*** DATA FOR REVIEW ***

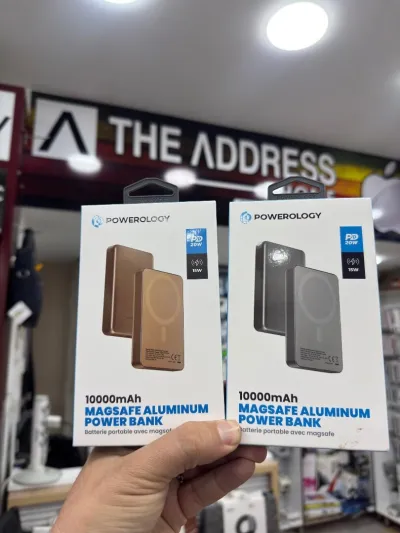 Powerology Power Bank 10 000 mAh avec charge PD 20 W et MagSafe 15 W. Ce modèle offre une grande capacité de batterie (10 000 mAh) ainsi que des sorties USB-C et sans-fil. Pour la charge v
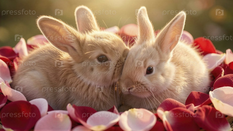 Милые кролики в розовых лепестках для сладкого пасхального приветствия
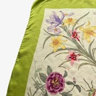 £105 On Casspio's Dream Vintage Vintage 90s Gucci Floral And Insect Print Green Silk Scarf. Designed By Vittorio Accornero Hand Rolled Edges Luxury Designer 100% Silk Measurements: Width: 33 inches Length: 35 inches Condition: Fair. Signs Of Wear Around The Item. Slight Colour Run.
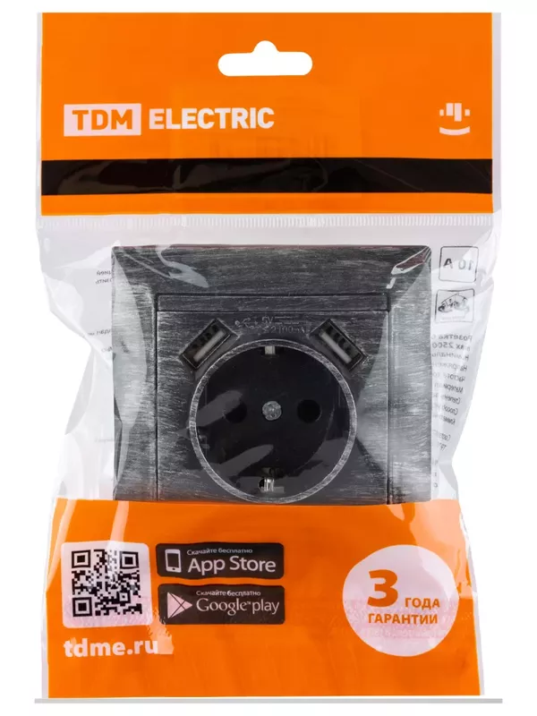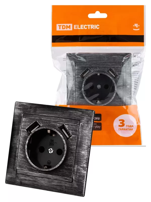 / Розетка 2П+З 16А 250В + 2 USB порта 2,1А 5В старинное серебро «Лама» TDM
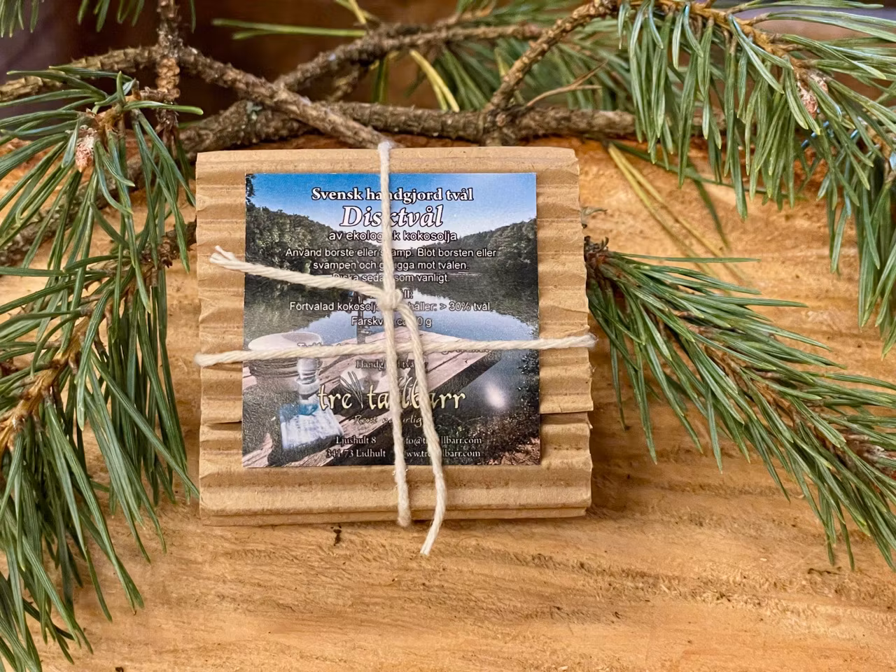 är handgjord av ekologisk törtvålad kokosolja – helt fri från tillsatser, parfym och plast. Den gör disken skinande ren, samtidigt som den är skonsam för både dig och miljön. Den ger ett fint och stabilt lödder som rengör disken mycket bra. Ingen doft är tillsatt men en svag doft av kokosoljan kommer givetvis fram.

*** End of DATA FOR REVIEW ***

WHAT YOU NEED TO DO:
Copy exactly what appears from the line holding "Милые кролики в" to the end of the material, keeping both end lines. Pictures are not part of the copy.

EXERCISE SOLUTION:
 Милые кролики в розовых лепестках для сладкого пасхального приветствия
 £105 On Casspio's Dream Vintage Vintage 90s Gucci Floral And Insect Print Green Silk Scarf. Designed By Vittorio Accornero Hand Rolled Edges Luxury Designer 100% Silk Measurements: Width: 33 inches Length: 35 inches Condition: Fair. Signs Of Wear Around The Item. Slight Colour Run.
 / Розетка 2П+З 16А 250В + 2 USB порта 2,1А 5В старинное серебро «Лама» TDM
 är handgjord av ekologisk törtvålad kokosolja – helt fri från tillsatser, parfym och plast. Den gör disken skinande ren, samtidigt som den är skonsam för både dig och miljön. Den ger ett fint och stabilt lödder som rengör disken mycket bra. Ingen doft är tillsatt men en svag doft av kokosoljan kommer givetvis fram.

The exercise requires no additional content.